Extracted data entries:
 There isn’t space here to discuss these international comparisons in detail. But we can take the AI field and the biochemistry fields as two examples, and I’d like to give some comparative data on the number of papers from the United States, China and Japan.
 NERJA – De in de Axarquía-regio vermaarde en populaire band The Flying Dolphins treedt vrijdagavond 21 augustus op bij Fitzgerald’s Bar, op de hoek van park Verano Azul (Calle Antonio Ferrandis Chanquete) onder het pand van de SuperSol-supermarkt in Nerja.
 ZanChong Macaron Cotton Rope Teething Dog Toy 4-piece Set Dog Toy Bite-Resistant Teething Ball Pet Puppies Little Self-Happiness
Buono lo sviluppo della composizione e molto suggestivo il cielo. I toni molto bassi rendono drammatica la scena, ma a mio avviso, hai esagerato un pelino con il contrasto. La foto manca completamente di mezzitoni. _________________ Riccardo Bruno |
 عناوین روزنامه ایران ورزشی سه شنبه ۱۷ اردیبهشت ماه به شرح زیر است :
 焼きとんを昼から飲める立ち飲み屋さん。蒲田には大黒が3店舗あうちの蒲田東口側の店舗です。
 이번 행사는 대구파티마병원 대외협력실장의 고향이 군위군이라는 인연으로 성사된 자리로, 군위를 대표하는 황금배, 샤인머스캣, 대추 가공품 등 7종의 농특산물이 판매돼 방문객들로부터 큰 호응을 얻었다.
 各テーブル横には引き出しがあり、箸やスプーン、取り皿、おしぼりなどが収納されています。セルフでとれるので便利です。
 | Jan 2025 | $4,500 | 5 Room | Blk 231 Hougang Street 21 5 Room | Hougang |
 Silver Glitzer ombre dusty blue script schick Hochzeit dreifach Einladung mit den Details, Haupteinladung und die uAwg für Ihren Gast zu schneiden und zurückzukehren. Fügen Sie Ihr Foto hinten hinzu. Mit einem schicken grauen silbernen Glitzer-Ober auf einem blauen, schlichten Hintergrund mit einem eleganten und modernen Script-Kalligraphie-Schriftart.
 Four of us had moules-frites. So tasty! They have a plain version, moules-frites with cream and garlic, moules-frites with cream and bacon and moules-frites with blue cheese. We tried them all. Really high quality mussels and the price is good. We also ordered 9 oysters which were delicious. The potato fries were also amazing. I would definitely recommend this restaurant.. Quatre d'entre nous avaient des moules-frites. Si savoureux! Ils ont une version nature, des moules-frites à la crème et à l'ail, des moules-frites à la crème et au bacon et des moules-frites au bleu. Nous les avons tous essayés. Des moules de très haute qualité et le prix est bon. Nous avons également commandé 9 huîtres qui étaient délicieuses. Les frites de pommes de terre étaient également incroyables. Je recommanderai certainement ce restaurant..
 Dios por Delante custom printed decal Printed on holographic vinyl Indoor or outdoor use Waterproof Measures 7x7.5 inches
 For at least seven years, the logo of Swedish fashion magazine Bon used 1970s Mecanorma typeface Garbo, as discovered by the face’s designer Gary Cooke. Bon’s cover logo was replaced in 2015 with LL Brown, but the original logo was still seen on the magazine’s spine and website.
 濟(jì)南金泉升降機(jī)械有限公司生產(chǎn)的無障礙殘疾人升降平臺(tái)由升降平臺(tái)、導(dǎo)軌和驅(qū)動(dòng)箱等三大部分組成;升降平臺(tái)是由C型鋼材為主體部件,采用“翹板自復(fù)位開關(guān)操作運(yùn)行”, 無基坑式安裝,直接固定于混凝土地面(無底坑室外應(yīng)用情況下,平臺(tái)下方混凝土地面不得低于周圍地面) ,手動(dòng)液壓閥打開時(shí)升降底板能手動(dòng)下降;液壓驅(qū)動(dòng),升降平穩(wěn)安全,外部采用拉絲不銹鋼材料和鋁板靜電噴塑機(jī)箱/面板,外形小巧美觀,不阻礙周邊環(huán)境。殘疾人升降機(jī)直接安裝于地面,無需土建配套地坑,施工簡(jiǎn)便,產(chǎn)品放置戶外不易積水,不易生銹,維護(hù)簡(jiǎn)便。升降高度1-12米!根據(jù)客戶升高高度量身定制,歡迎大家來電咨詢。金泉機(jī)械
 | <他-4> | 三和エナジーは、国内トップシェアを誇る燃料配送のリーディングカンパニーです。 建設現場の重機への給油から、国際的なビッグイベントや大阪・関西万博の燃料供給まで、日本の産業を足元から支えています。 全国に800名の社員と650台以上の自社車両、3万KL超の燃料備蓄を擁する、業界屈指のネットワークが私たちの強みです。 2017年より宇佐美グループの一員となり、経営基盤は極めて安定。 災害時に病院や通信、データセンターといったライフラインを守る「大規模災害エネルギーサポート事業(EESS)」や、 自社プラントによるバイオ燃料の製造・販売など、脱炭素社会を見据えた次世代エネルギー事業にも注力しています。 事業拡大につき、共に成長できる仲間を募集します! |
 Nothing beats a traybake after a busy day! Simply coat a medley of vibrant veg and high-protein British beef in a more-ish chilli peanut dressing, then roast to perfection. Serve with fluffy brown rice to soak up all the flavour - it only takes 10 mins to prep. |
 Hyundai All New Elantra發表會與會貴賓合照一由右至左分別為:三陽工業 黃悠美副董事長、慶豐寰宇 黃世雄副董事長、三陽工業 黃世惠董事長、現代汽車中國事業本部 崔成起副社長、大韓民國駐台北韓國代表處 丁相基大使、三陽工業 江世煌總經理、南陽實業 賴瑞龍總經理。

WHAT YOU ARE ASKED TO DO: Would you copy the data exactly as shown above?

OUTPUT BELOW:
 There isn’t space here to discuss these international comparisons in detail. But we can take the AI field and the biochemistry fields as two examples, and I’d like to give some comparative data on the number of papers from the United States, China and Japan.
 NERJA – De in de Axarquía-regio vermaarde en populaire band The Flying Dolphins treedt vrijdagavond 21 augustus op bij Fitzgerald’s Bar, op de hoek van park Verano Azul (Calle Antonio Ferrandis Chanquete) onder het pand van de SuperSol-supermarkt in Nerja.
 ZanChong Macaron Cotton Rope Teething Dog Toy 4-piece Set Dog Toy Bite-Resistant Teething Ball Pet Puppies Little Self-Happiness
Buono lo sviluppo della composizione e molto suggestivo il cielo. I toni molto bassi rendono drammatica la scena, ma a mio avviso, hai esagerato un pelino con il contrasto. La foto manca completamente di mezzitoni. _________________ Riccardo Bruno |
 عناوین روزنامه ایران ورزشی سه شنبه ۱۷ اردیبهشت ماه به شرح زیر است :
 焼きとんを昼から飲める立ち飲み屋さん。蒲田には大黒が3店舗あうちの蒲田東口側の店舗です。
 이번 행사는 대구파티마병원 대외협력실장의 고향이 군위군이라는 인연으로 성사된 자리로, 군위를 대표하는 황금배, 샤인머스캣, 대추 가공품 등 7종의 농특산물이 판매돼 방문객들로부터 큰 호응을 얻었다.
 各テーブル横には引き出しがあり、箸やスプーン、取り皿、おしぼりなどが収納されています。セルフでとれるので便利です。
 | Jan 2025 | $4,500 | 5 Room | Blk 231 Hougang Street 21 5 Room | Hougang |
 Silver Glitzer ombre dusty blue script schick Hochzeit dreifach Einladung mit den Details, Haupteinladung und die uAwg für Ihren Gast zu schneiden und zurückzukehren. Fügen Sie Ihr Foto hinten hinzu. Mit einem schicken grauen silbernen Glitzer-Ober auf einem blauen, schlichten Hintergrund mit einem eleganten und modernen Script-Kalligraphie-Schriftart.
 Four of us had moules-frites. So tasty! They have a plain version, moules-frites with cream and garlic, moules-frites with cream and bacon and moules-frites with blue cheese. We tried them all. Really high quality mussels and the price is good. We also ordered 9 oysters which were delicious. The potato fries were also amazing. I would definitely recommend this restaurant.. Quatre d'entre nous avaient des moules-frites. Si savoureux! Ils ont une version nature, des moules-frites à la crème et à l'ail, des moules-frites à la crème et au bacon et des moules-frites au bleu. Nous les avons tous essayés. Des moules de très haute qualité et le prix est bon. Nous avons également commandé 9 huîtres qui étaient délicieuses. Les frites de pommes de terre étaient également incroyables. Je recommanderai certainement ce restaurant..
 Dios por Delante custom printed decal Printed on holographic vinyl Indoor or outdoor use Waterproof Measures 7x7.5 inches
 For at least seven years, the logo of Swedish fashion magazine Bon used 1970s Mecanorma typeface Garbo, as discovered by the face’s designer Gary Cooke. Bon’s cover logo was replaced in 2015 with LL Brown, but the original logo was still seen on the magazine’s spine and website.
 濟(jì)南金泉升降機(jī)械有限公司生產(chǎn)的無障礙殘疾人升降平臺(tái)由升降平臺(tái)、導(dǎo)軌和驅(qū)動(dòng)箱等三大部分組成;升降平臺(tái)是由C型鋼材為主體部件,采用“翹板自復(fù)位開關(guān)操作運(yùn)行”, 無基坑式安裝,直接固定于混凝土地面(無底坑室外應(yīng)用情況下,平臺(tái)下方混凝土地面不得低于周圍地面) ,手動(dòng)液壓閥打開時(shí)升降底板能手動(dòng)下降;液壓驅(qū)動(dòng),升降平穩(wěn)安全,外部采用拉絲不銹鋼材料和鋁板靜電噴塑機(jī)箱/面板,外形小巧美觀,不阻礙周邊環(huán)境。殘疾人升降機(jī)直接安裝于地面,無需土建配套地坑,施工簡(jiǎn)便,產(chǎn)品放置戶外不易積水,不易生銹,維護(hù)簡(jiǎn)便。升降高度1-12米!根據(jù)客戶升高高度量身定制,歡迎大家來電咨詢。金泉機(jī)械
 | <他-4> | 三和エナジーは、国内トップシェアを誇る燃料配送のリーディングカンパニーです。 建設現場の重機への給油から、国際的なビッグイベントや大阪・関西万博の燃料供給まで、日本の産業を足元から支えています。 全国に800名の社員と650台以上の自社車両、3万KL超の燃料備蓄を擁する、業界屈指のネットワークが私たちの強みです。 2017年より宇佐美グループの一員となり、経営基盤は極めて安定。 災害時に病院や通信、データセンターといったライフラインを守る「大規模災害エネルギーサポート事業(EESS)」や、 自社プラントによるバイオ燃料の製造・販売など、脱炭素社会を見据えた次世代エネルギー事業にも注力しています。 事業拡大につき、共に成長できる仲間を募集します! |
 Nothing beats a traybake after a busy day! Simply coat a medley of vibrant veg and high-protein British beef in a more-ish chilli peanut dressing, then roast to perfection. Serve with fluffy brown rice to soak up all the flavour - it only takes 10 mins to prep. |
 Hyundai All New Elantra發表會與會貴賓合照一由右至左分別為:三陽工業 黃悠美副董事長、慶豐寰宇 黃世雄副董事長、三陽工業 黃世惠董事長、現代汽車中國事業本部 崔成起副社長、大韓民國駐台北韓國代表處 丁相基大使、三陽工業 江世煌總經理、南陽實業 賴瑞龍總經理。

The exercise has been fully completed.